▶ Extracted information
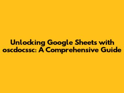 Unlocking Google Sheets With Oscdocssc: A Comprehensive Guide
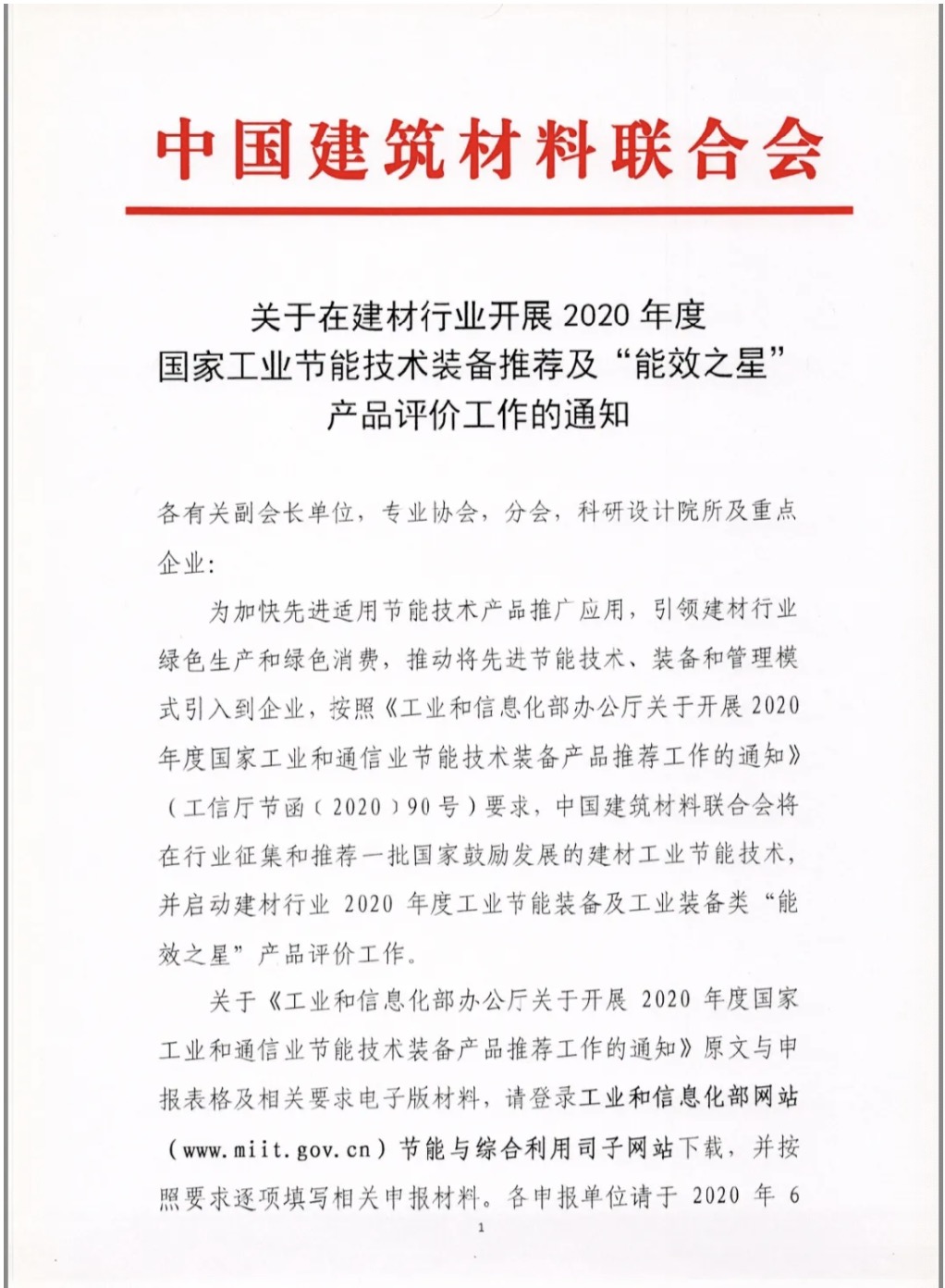 建材行業(yè)開展2020年度國(guó)家工業(yè)節(jié)能技術(shù)裝備推薦及“能效之星” 產(chǎn)品評(píng)價(jià)工作
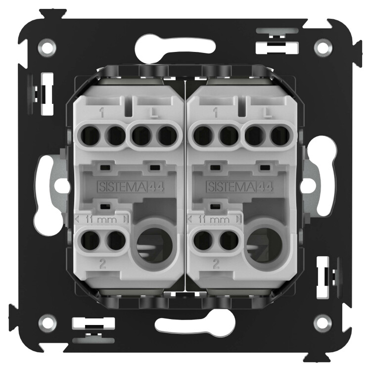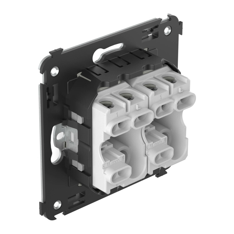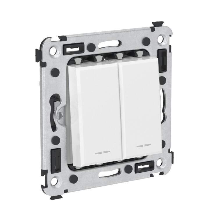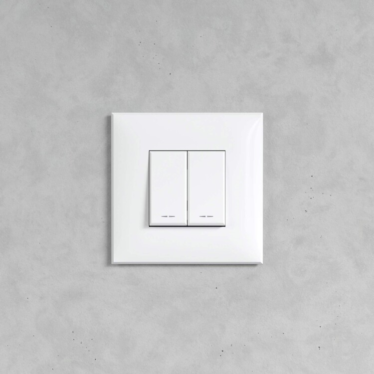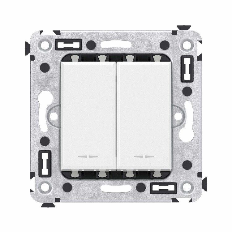 Задача двухклавишного переключателя – управление двумя контурами освещения из двух точек. Он позволяет включить/выключить освещение двумя светильниками из удобной точки – например, в спальне переключатель может размещаться возле кровати. Переключатель предназначен для скрытого монтажа в стену. Номинальное напряжение – 230 В, номинальный ток – 16 А.
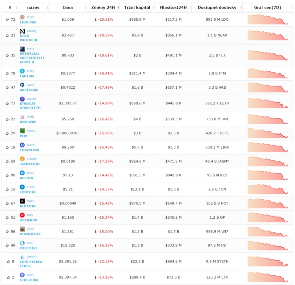 Sentiment investorů se lehce mění a na sociálních sítích lze pozorovat až paniku. Altcoiny včera odepisovali desítky procent. Tento printscreen byl pořízen po návratu Bitcoinu zpátky na 53 000 USD čím se část ztrát snížila. I tak je mnoho altcoinů, které už odepsali všechny letošní zisky. Mezi nimi je i Ethereum na kterém teď spekuluje většina krypto investorů.
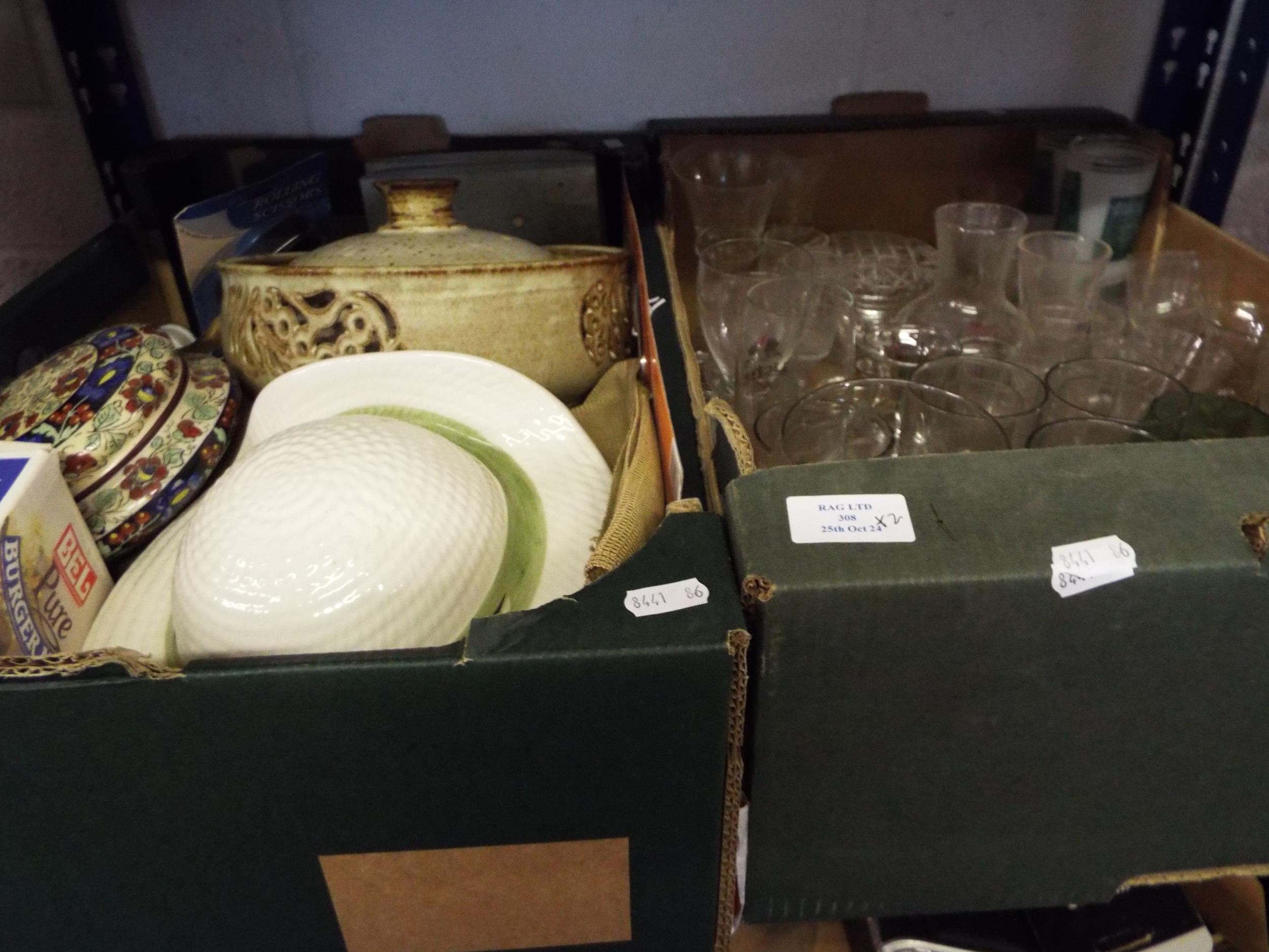 Two boxes of assorted items to include glasses, china, kitchenalia etc
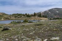This image captures the rugged and natural beauty of Colorado, USA. The landscape features a mountainous terrain with open spaces filled with grass and vegetation. A dirt road winds through the highlands, leading to Loveland Pass and Pass Lake. The cloudy sky reflects on the serene lake, surrounded by fluvial landforms and rocky bedrock. The off-road track is covered with gravel and showcases the diverse flora, including colorful flowers. This scenery represents the untouched natural environment of Colorado, offering abundant water resources and a peaceful atmosphere.
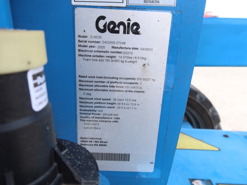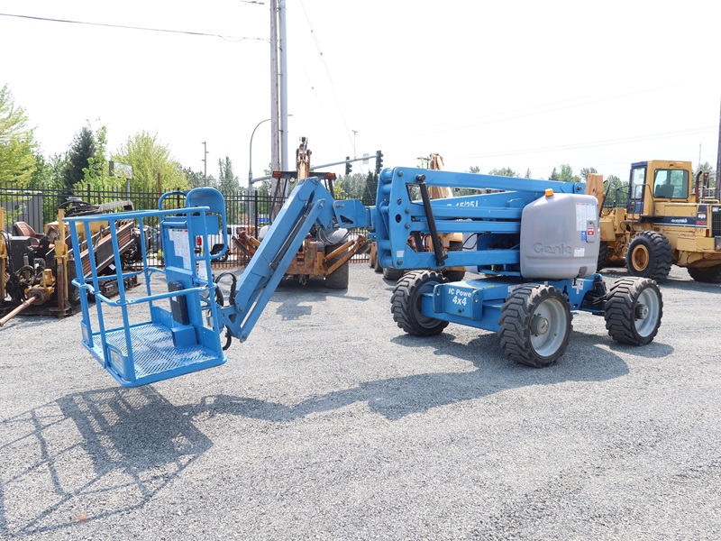 4X4 ARTICULATED BOOM LIFT, 51'6" WORKING HEIGHT, 24'8" HORIZONTAL REACH, 500 LB PLATFORM CAPACITY, 110V RECEPTACLE ON PLATFORM, 82 HP 4 CYL GAS/LPG

▶ Assignment
Everything above from the line that has "建材行業(yè)開展2020" down to the line that has "Two boxes of" should be output exactly, with both of those lines included. Leave the pictures behind.

▶ Output for this exercise
 建材行業(yè)開展2020年度國(guó)家工業(yè)節(jié)能技術(shù)裝備推薦及“能效之星” 產(chǎn)品評(píng)價(jià)工作
 Задача двухклавишного переключателя – управление двумя контурами освещения из двух точек. Он позволяет включить/выключить освещение двумя светильниками из удобной точки – например, в спальне переключатель может размещаться возле кровати. Переключатель предназначен для скрытого монтажа в стену. Номинальное напряжение – 230 В, номинальный ток – 16 А.
 Sentiment investorů se lehce mění a na sociálních sítích lze pozorovat až paniku. Altcoiny včera odepisovali desítky procent. Tento printscreen byl pořízen po návratu Bitcoinu zpátky na 53 000 USD čím se část ztrát snížila. I tak je mnoho altcoinů, které už odepsali všechny letošní zisky. Mezi nimi je i Ethereum na kterém teď spekuluje většina krypto investorů.
 Two boxes of assorted items to include glasses, china, kitchenalia etc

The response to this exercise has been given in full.